Downregulation of Notch Signaling Pathway Decreases Primary Cilium Lengths in Autosomal Dominant Polycystic Kidney Disease

Abstract

Autosomal dominant polycystic kidney disease (ADPKD) affects over half a million people and causes around 10% of end stage renal failure in the United States. One of the most prominent symptoms of ADPKD includes the presence of renal cysts that over time, interfere with kidney function. The cause of ADPKD consists of genetic mutations in the PKD1 and PKD2 genes.

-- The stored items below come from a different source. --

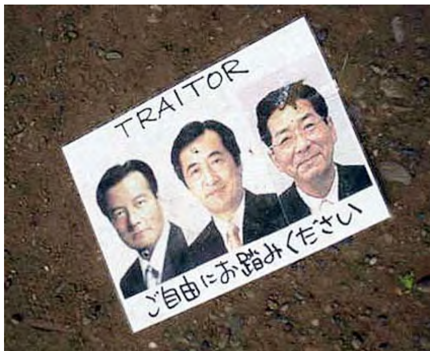
ご自由にお踏み下さいは良かったですね。誰がやったのか判りませんが拍手喝采ものです。

私は法律には詳しくありませんが、警備当局がこのような反日デモを許可しているのは、一応現行の法律に照らして「違法行為ではない」と判断しているからでしょう。専門家の意見もそうなら、これは完全に法律がおかしい、その法律が憲法違反でないというなら、憲法がおかしい、と私は思います。(現行憲法がおかしいのは保守にとっては当然過ぎますが)
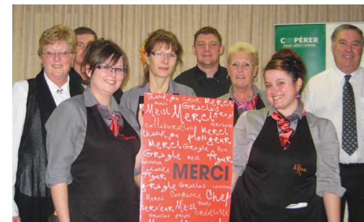
Jardins de Renoir
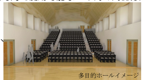
多目的ホールイメージ

These mutations negatively influence the formation in polycystin1 and polycystin2 protein complex (PC1 and PC2 protein complex) which regulates intracellular and extracellular calcium flow in the primary cilium. An intracellular loss of calcium has been shown to be correlated with cell proliferation. Previous research has also established a connection between Cux1, a murine homolog of Cut from drosophila melanogaster, and cell proliferation in kidneys of affected patients. Additionally, a relationship between Cux1 and Notch1, a receptor of the Notch signaling pathway, has also been detected. It was discovered that Notch1 upregulated Cux1 indicating that the Notch signaling pathway is involved in cyst formation in ADPKD. This present study looked at the Notch signaling pathway and its relation to cyst formation. In this study, primary cilium lengths were compared with those of Recombination Signal Binding Protein for Immunoglobin Kappa J (RBPj) knockout mice. Knocking out RBPj inhibits the Notch pathway as it is a crucial part of the signaling pathway. This study, through immunofluorescence discovered that there was a significant difference in the cilia lengths between wild type and Notch inhibited mice. These findings suggest that there are new possible therapeutic treatments for ADPKD by inhibiting the Notch signaling pathway.